### Supplied material
##########
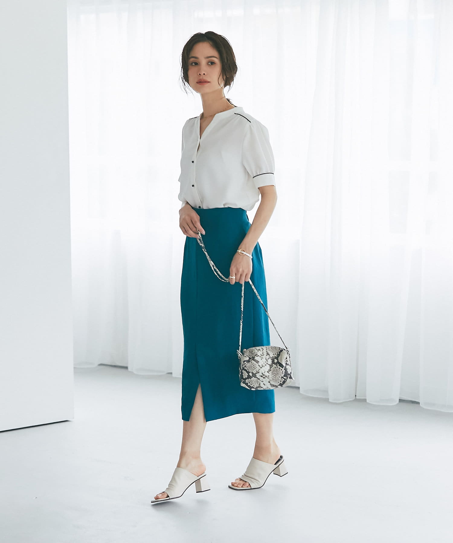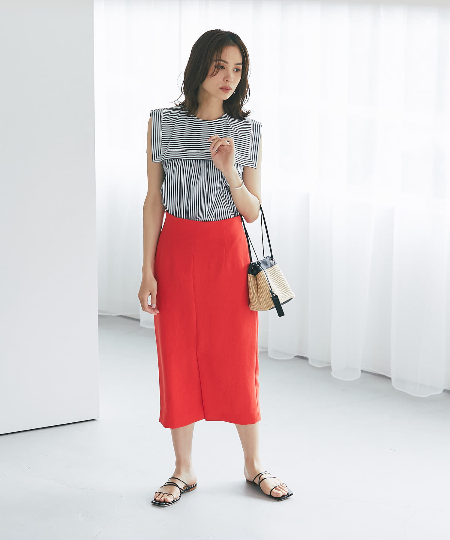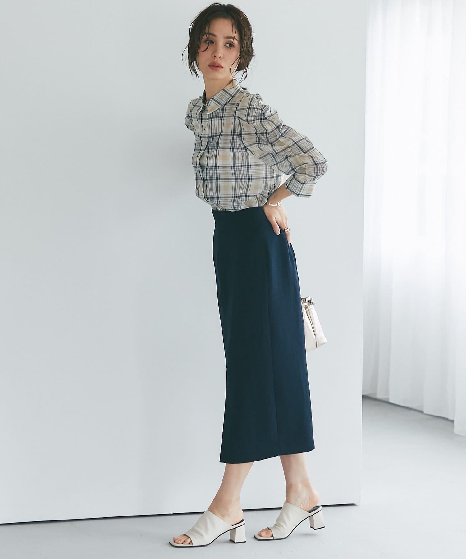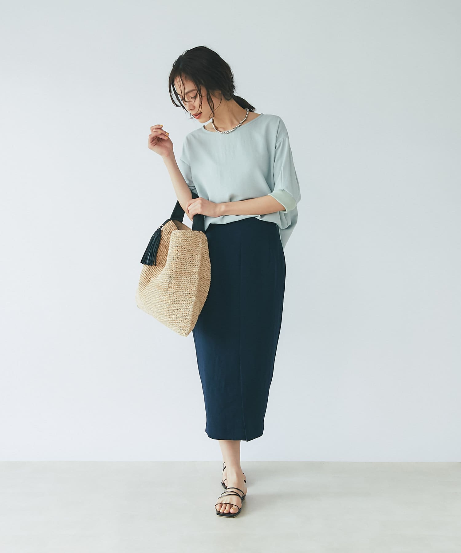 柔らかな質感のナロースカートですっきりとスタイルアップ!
##########
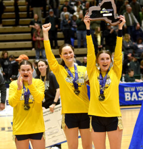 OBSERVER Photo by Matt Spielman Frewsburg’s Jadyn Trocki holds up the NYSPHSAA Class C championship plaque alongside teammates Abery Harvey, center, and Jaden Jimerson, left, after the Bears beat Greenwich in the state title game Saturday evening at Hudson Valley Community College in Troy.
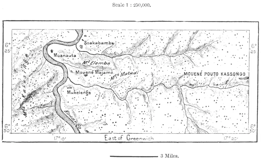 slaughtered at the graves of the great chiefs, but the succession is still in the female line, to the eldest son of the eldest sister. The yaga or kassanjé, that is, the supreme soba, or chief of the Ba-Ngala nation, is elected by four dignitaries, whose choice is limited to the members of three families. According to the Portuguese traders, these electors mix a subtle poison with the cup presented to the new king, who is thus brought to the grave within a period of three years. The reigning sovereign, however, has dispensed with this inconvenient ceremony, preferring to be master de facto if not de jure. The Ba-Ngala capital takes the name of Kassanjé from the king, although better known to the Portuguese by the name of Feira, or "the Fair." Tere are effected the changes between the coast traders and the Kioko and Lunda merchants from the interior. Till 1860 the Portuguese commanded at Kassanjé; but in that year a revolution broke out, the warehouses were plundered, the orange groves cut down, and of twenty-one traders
##########
### Directions
Would you restate, exactly and with no pictures, the lines of the entries above from the one containing "OBSERVER Photo by" through the one containing "slaughtered at the"?

### Result of this exercise
 OBSERVER Photo by Matt Spielman Frewsburg’s Jadyn Trocki holds up the NYSPHSAA Class C championship plaque alongside teammates Abery Harvey, center, and Jaden Jimerson, left, after the Bears beat Greenwich in the state title game Saturday evening at Hudson Valley Community College in Troy.
 slaughtered at the graves of the great chiefs, but the succession is still in the female line, to the eldest son of the eldest sister. The yaga or kassanjé, that is, the supreme soba, or chief of the Ba-Ngala nation, is elected by four dignitaries, whose choice is limited to the members of three families. According to the Portuguese traders, these electors mix a subtle poison with the cup presented to the new king, who is thus brought to the grave within a period of three years. The reigning sovereign, however, has dispensed with this inconvenient ceremony, preferring to be master de facto if not de jure. The Ba-Ngala capital takes the name of Kassanjé from the king, although better known to the Portuguese by the name of Feira, or "the Fair." Tere are effected the changes between the coast traders and the Kioko and Lunda merchants from the interior. Till 1860 the Portuguese commanded at Kassanjé; but in that year a revolution broke out, the warehouses were plundered, the orange groves cut down, and of twenty-one traders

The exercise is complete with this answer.